| WORK TO BE COMPLETED |
Shown below are entries with pictures; the line with "DVCSX-LED14 shown with" through the line with "5 Repeat #3 & #4 'til soft" is the span to retype exactly, and the pictures stay out.

| RECORDS SUPPLIED |

────

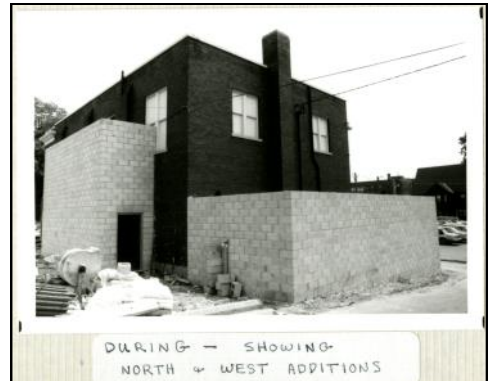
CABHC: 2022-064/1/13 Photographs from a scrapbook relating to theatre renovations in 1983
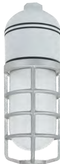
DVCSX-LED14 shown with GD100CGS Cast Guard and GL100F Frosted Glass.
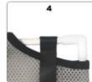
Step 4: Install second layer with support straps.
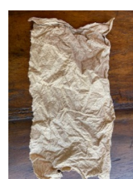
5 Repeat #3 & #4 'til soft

────

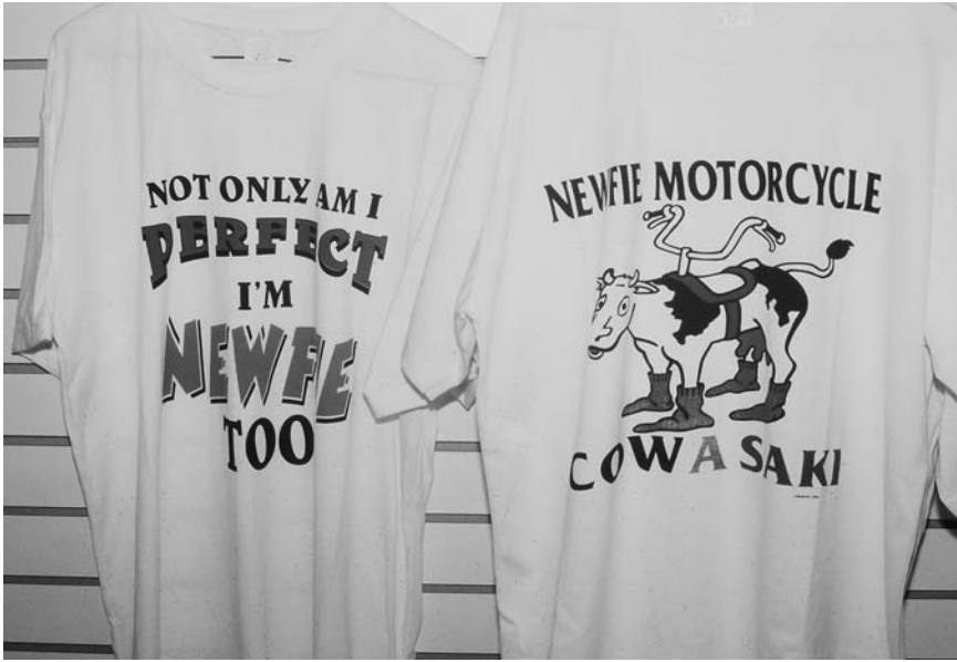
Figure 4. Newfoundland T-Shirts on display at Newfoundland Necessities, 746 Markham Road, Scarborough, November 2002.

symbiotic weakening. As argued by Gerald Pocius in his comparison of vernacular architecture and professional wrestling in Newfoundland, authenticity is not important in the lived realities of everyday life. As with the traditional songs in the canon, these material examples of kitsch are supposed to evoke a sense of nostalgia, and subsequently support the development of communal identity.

────

| RESULT OF THE TASK |
DVCSX-LED14 shown with GD100CGS Cast Guard and GL100F Frosted Glass.
Step 4: Install second layer with support straps.
5 Repeat #3 & #4 'til soft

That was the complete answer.